Abusive images squeezed out of US by ISP laws pop up in Netherlands

The Netherlands is the new hub for explicit child abuse images and videos, with Europe accounting for 60 percent of the global child abuse content, according to an annual report by the Internet Watch Foundation. In 2016, the number of web pages with abusive content increased 19 percent from 2015.

“For many years, we’ve seen the majority of child abuse images and videos hosted in North America,” said Susie Hargreaves, chief executive of the IWF. “It has now shifted to Europe, specifically the Netherlands.”

In 2015, 57 percent of websites with abusive content were from North America. The stricter policies enforced on ISPs on the continent to identify, remove and immediately report abusive content to authorities triggered the increase in Europe, and the 37 percent decrease in North America.

Approximately 34,000 web pages were detected in Europe, including Russia and Turkey. IWF removed 57,335 pages with abusive content in 2016 and created 122,972 quality assessed unique hashes for their Image Hash List – digital fingerprints of known abusive images.

Detecting abusive content is becoming a challenge as masking techniques used by criminals to hide it have increased 112 percent, according to the report. The number of new hidden services rose every year between 2012 and 2015, but has decreased afterwards, to 41 in 2016.
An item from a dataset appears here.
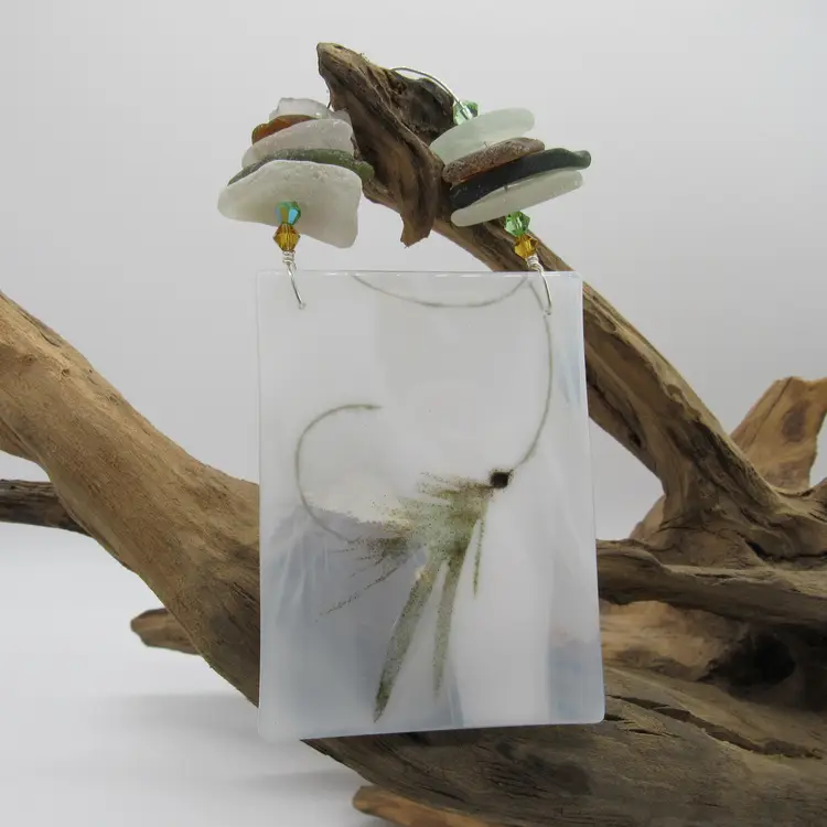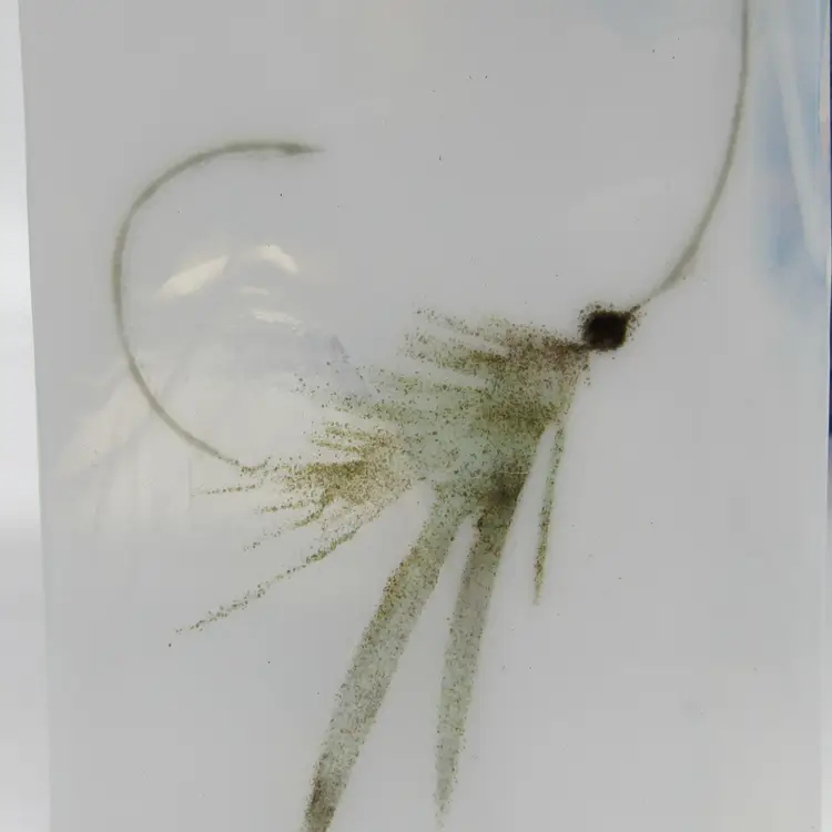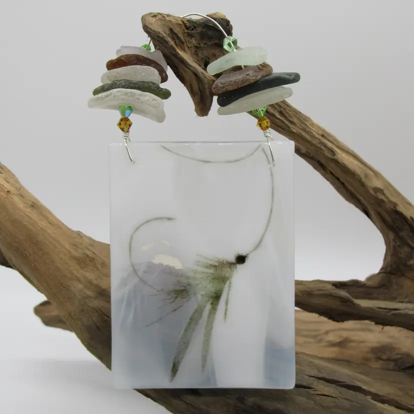 Real Maine sea glass accents this fused glass suncatcher/ornament depicting a fly-fishing lure. The glass measures 4" tall x 3" wide. The fishing lure was made using powdered glass (frit) and melting it (fusing) together in my kiln. Makes a great gift!

It’s hard to build a safer internet culture when criminals turn to the dark web for its use of proxy networks to host content. Because it is not indexed by search engines and is difficult to trace, IWF closely worked with national and international law enforcement in their investigation.

“The IWF is a critical player in the WePROTECT Global Alliance to end child exploitation online. I think we can all be proud that other countries look to the IWF as a model of good practice for their own reporting hotlines,” said UK’s Home Secretary, Amber Rudd MP.